The Maa-nulth First Nations, also known as First Nations of Maa-nulth Treaty Society, is a First Nations Treaty Society of Nuu-chah-nulth nations on the west coast of Vancouver Island.

==Member Nations==

- Huu-ay-aht First Nations
- Ka:'yu:'k't'h'/Che:k:tles7et'h' First Nations (formerly Kyuqout)
- Toquaht First Nation
- Uchucklesaht Tribe
- Yuułuʔiłʔatḥ (Ucluelet First Nation)

==Treaty Process==
The Maa-nulth First Nations' Final Agreement, Stage 5 in the BC Treaty Process, was initialled on December 9, 2006, and subsequently ratified by Maa-nulth First Nations members in the summer and fall of 2007. Provincial ratification legislation was introduced in the Legislative Assembly on November 21, and received Royal Assent on November 29.

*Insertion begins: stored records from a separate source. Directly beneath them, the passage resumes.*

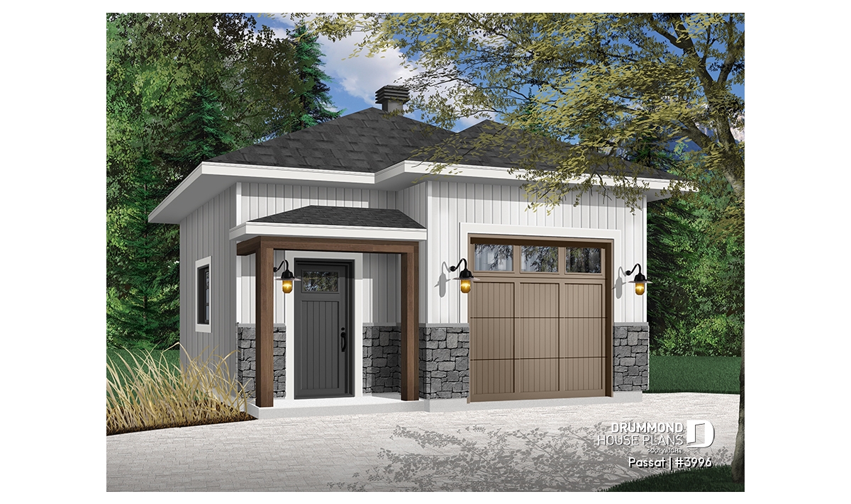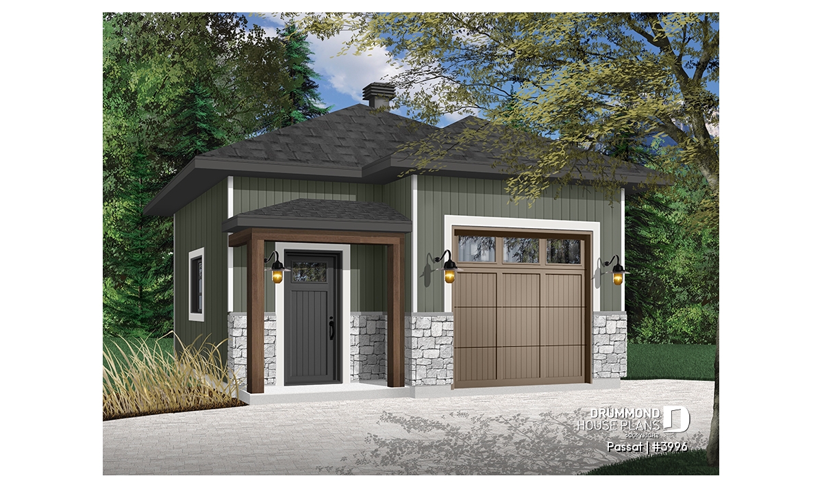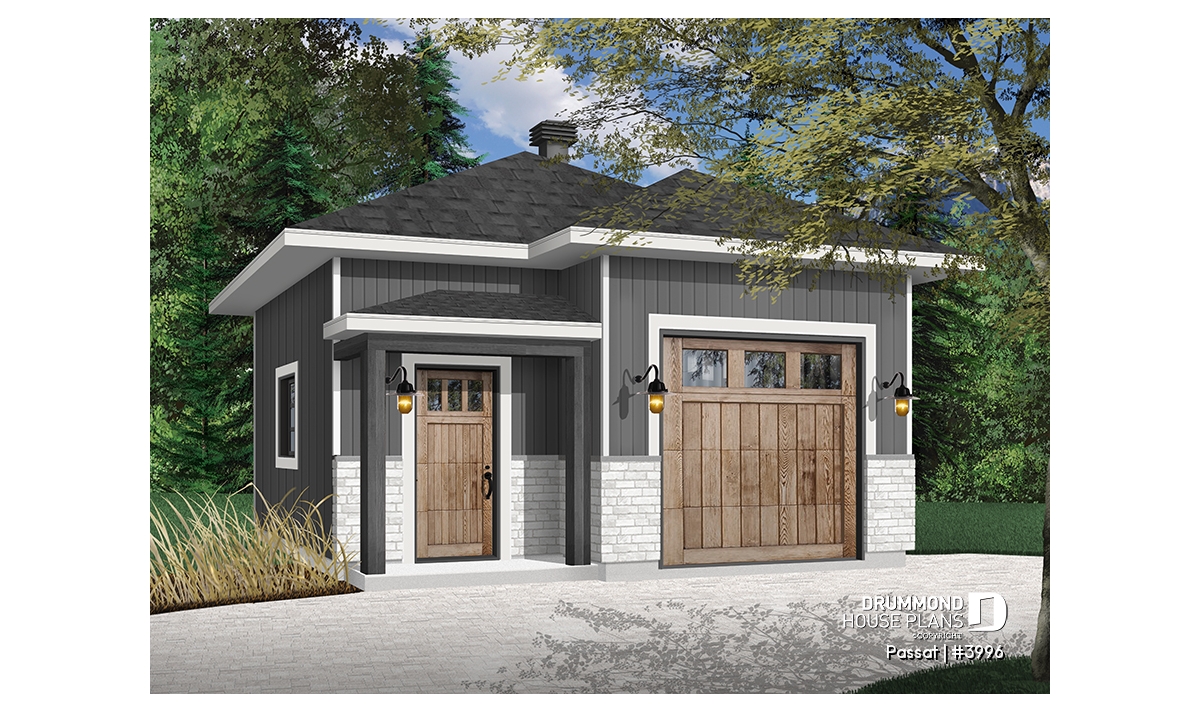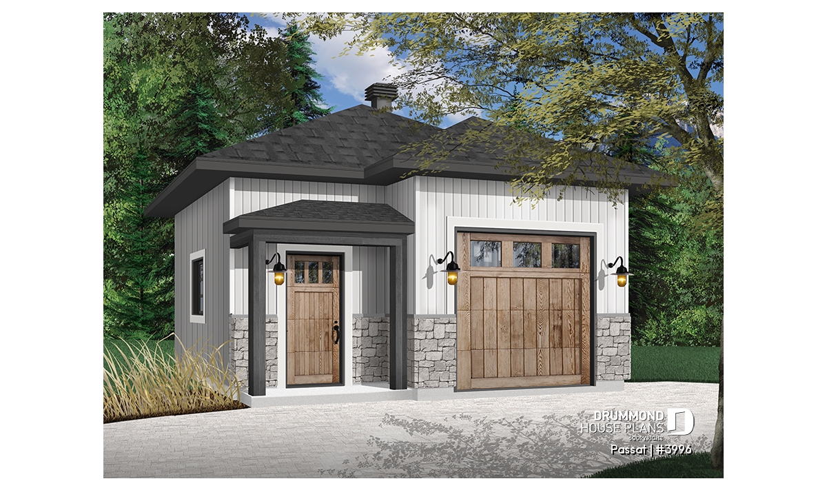 Designed as a single-car garage, the Passat (#3996) offers a surprisingly spacious interior, providing ample room not only for vehicle parking but also for storing tools, equipment and seasonal items. One of the key highlights of this plan is its 10-foot ceiling, which allows for efficient vertical storage solutions such as overhead shelving, wall-mounted systems or additional organizational features.
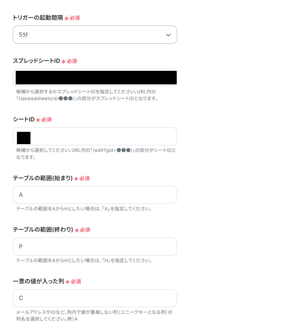 前項と同様に「スプレッドシートID」「シートID」を入力します。
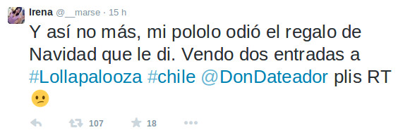 La usuaria @__Marse, que aparece en esa red con el nombre Irena, publicó la tarde de ayer un tuit donde señalaba que había regalado a su pololo una entrada para el popular festival de música Lollapalooza, presente que el hombre habría rechazado.
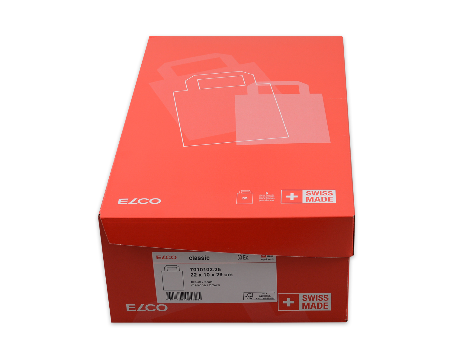 Die mittlere Grösse dieser SWISSMADE Papiertasche eignet sich hervorragend für den Transport von Büchern, Accessoires oder Modeartikeln. Ihre robuste Bauweise und der praktische Flachhenkel machen sie zum idealen Begleiter für den Einzelhandel. Die Tragetaschen werden in einer attraktiven roten Box zu je 50 Stück geliefert, was sie nicht nur ideal für den Eigenbedarf, sondern auch bestens für den Weiterverkauf geeignet macht.
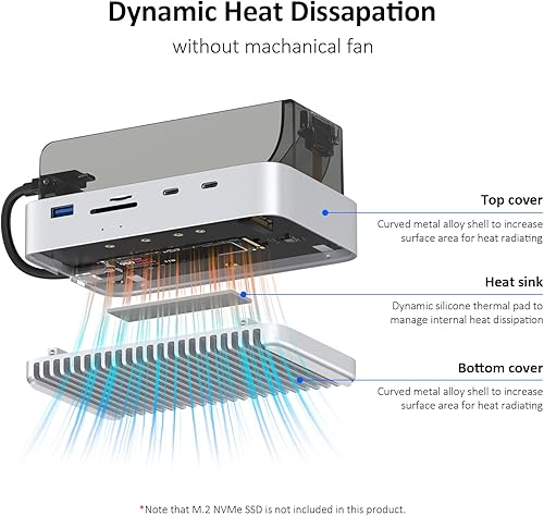 Gewokliy Mac mini M4 2024 Dock Stand, 40Gbps USB4 M.2 NVMe SSD Enclosure, compatibile con Thunderbolt 4/5, 10Gbps USB Docking Station con lettore di schede SD4.0
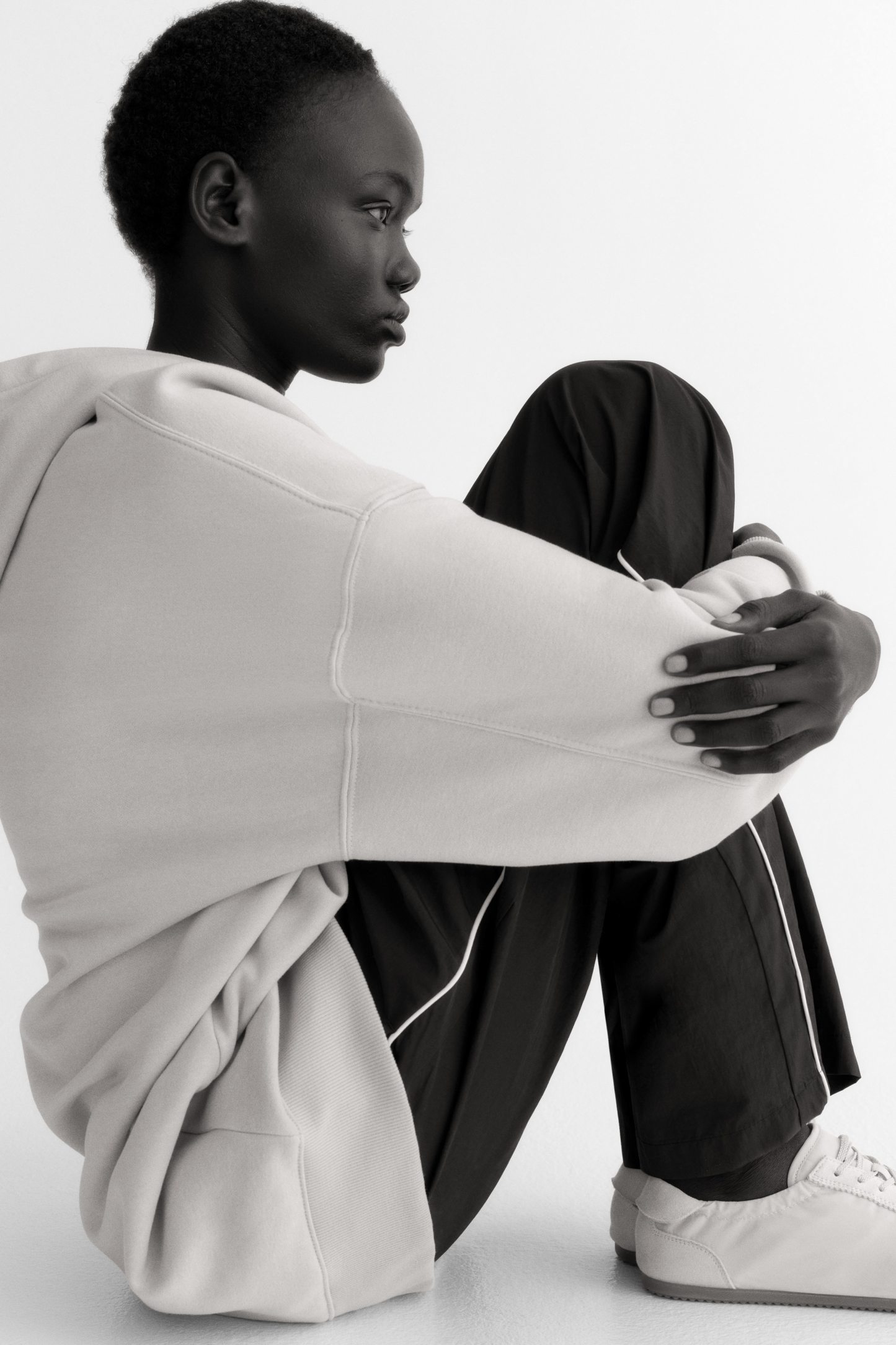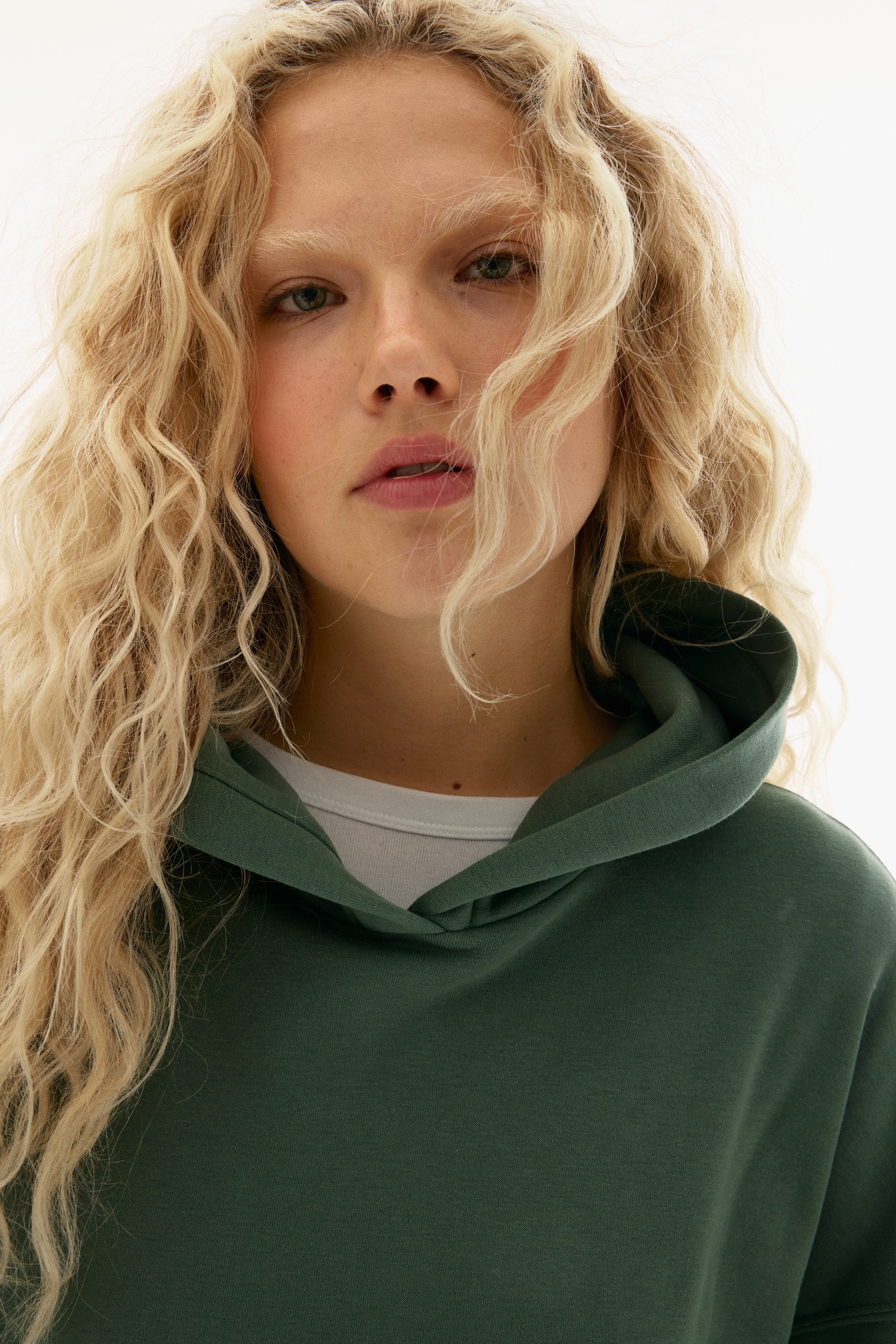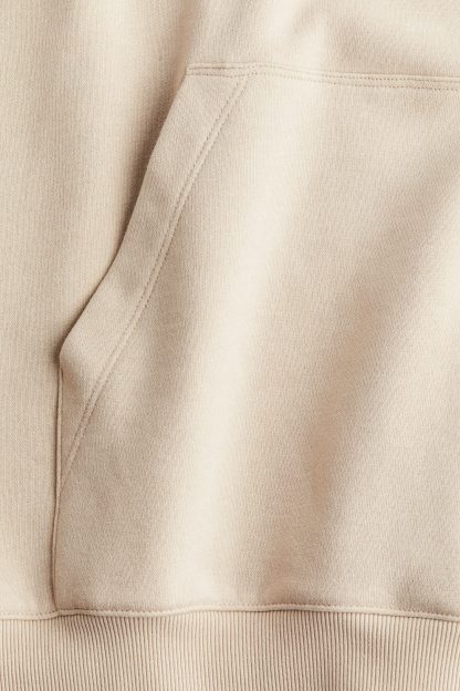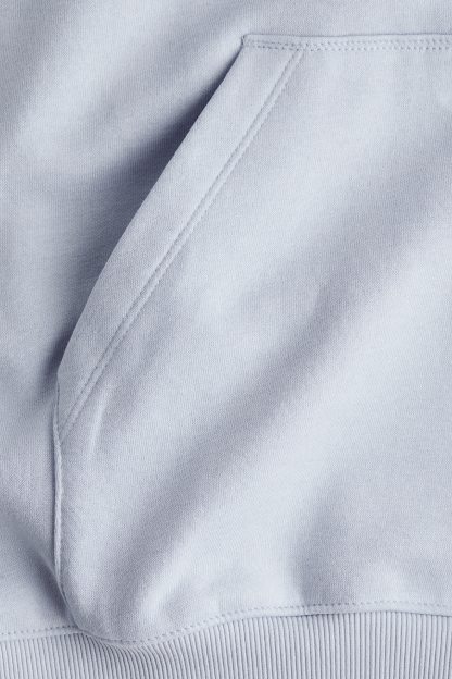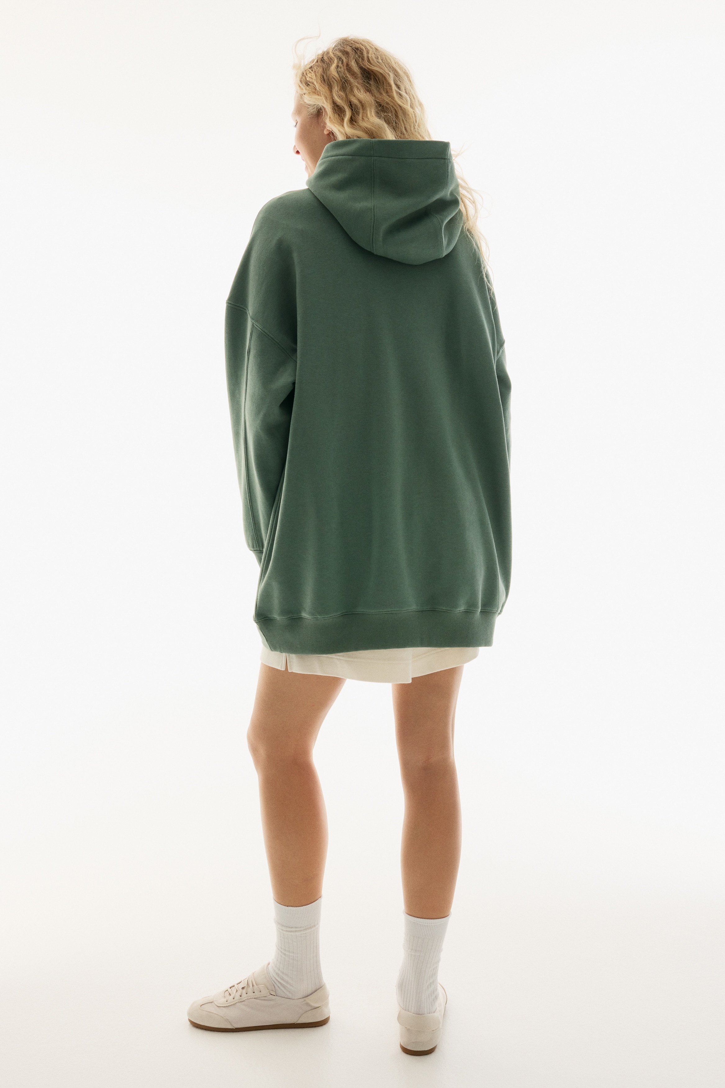Short, oversized dress in sweatshirt fabric with a soft brushed inside. Lined, wrapover hood, low dropped shoulders and long sleeves. Kangaroo pocket and ribbing at the cuffs and hem.
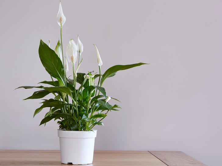 Спатифиллум иногда называют «женским счастьем», а на английском это «лилия мира». Пожалуй, это одно из самых простых в уходе растений. Оно предпочитает яркий непрямой солнечный свет, но может переносить и более низкие уровни освещения, так что его не обязательно держать на подоконнике. Иногда спатифиллум может цвести — обычно летом. Тогда появляется белый цветок, напоминающий лилию. В зимние месяцы эти комнатные растения находятся в состоянии покоя, а растут весной и летом, когда им требуется более тщательный уход и частый полив. Тем не менее, спатифиллум не подойдет вам, если у вас есть домашние животные, так как им он грозит интоксикацией.
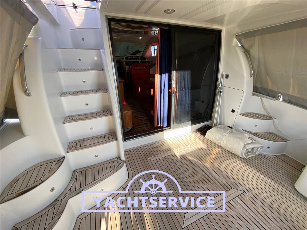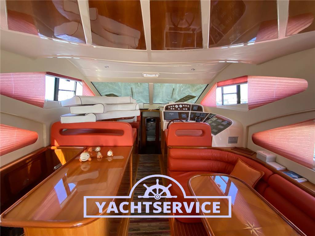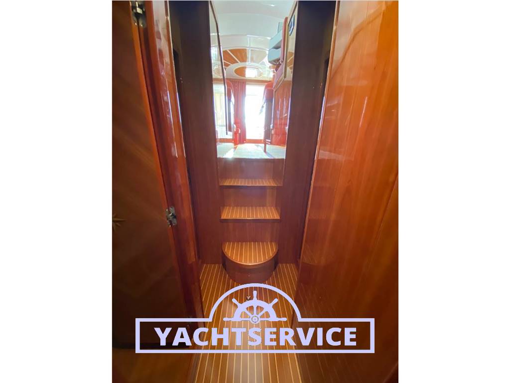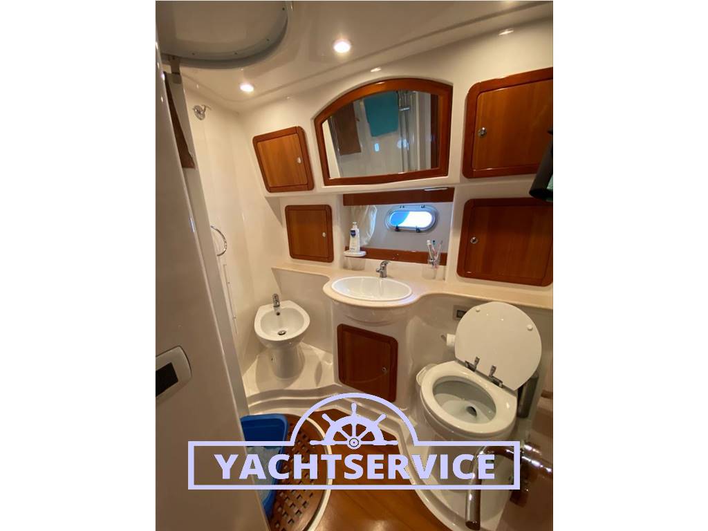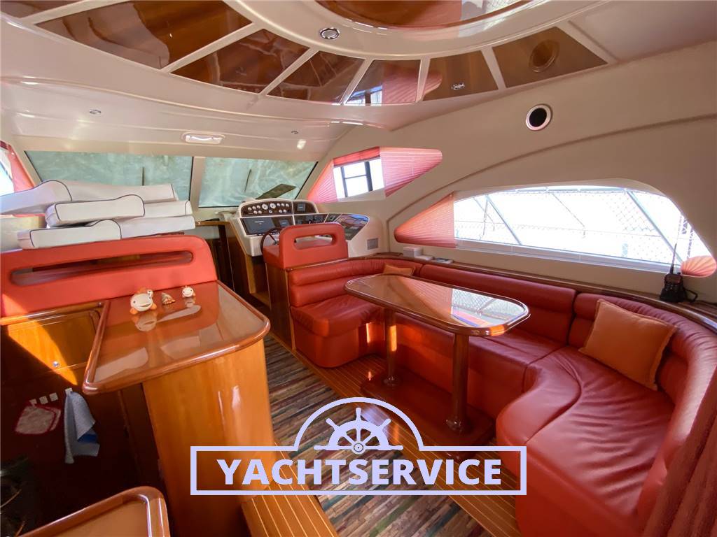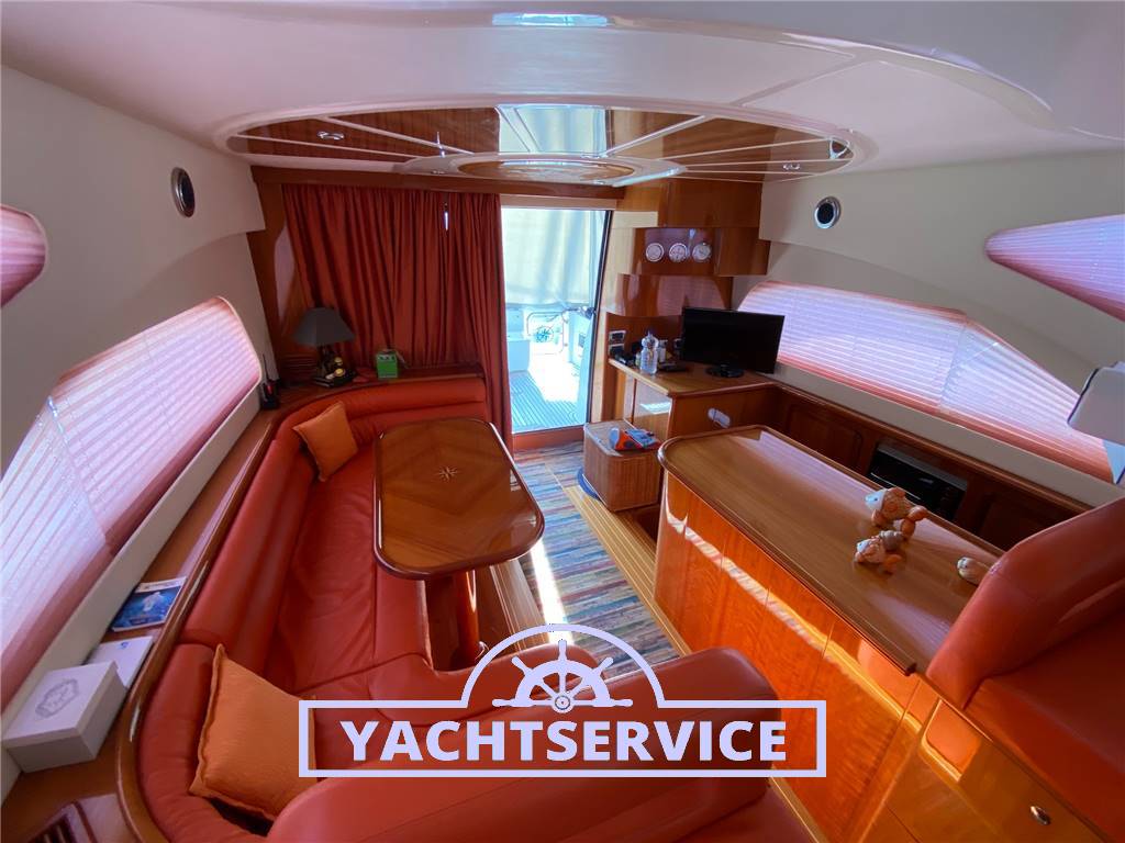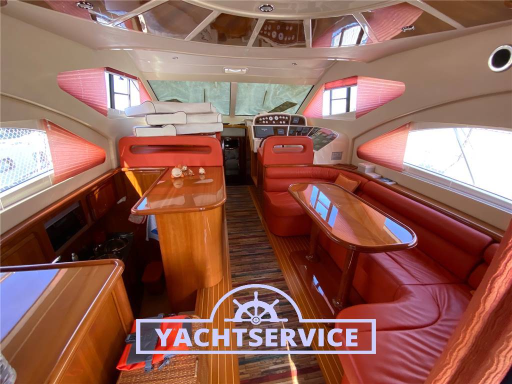 Imbarcazione con 3 cabine e 2 bagni dotati di box doccia, una matrimoniale a prua + 2 cabine gemelle con letti in piano a centro barca. Cabina marinaio 1 posto letto, attrezzata con servizi e lavatrice. Divani in pelle arancione chiara, calpestio interno tutto in teak con doghe in acero filettato bianco, mobilio in ciliegio. Impianto di aria condizionata in tutti gli ambienti, generatore 9 kw, elica di prua + elica di manovra a poppa, ancora da 20 kg con contacatena, lavaggio catena. Piano cottura induzione 4 fuochi, ghiacciaia sul fly, winch di tonneggio a poppa, seconda autoclave.

In October 2007, the ratification process was also completed and all five First Nations voted in favour of accepting the Final Agreement. Of those who voted, close to 80 per cent were in favour of the treaty. The Maa-nulth Final Agreement is the first modern-day treaty for Vancouver Island and the second under the BCTC process.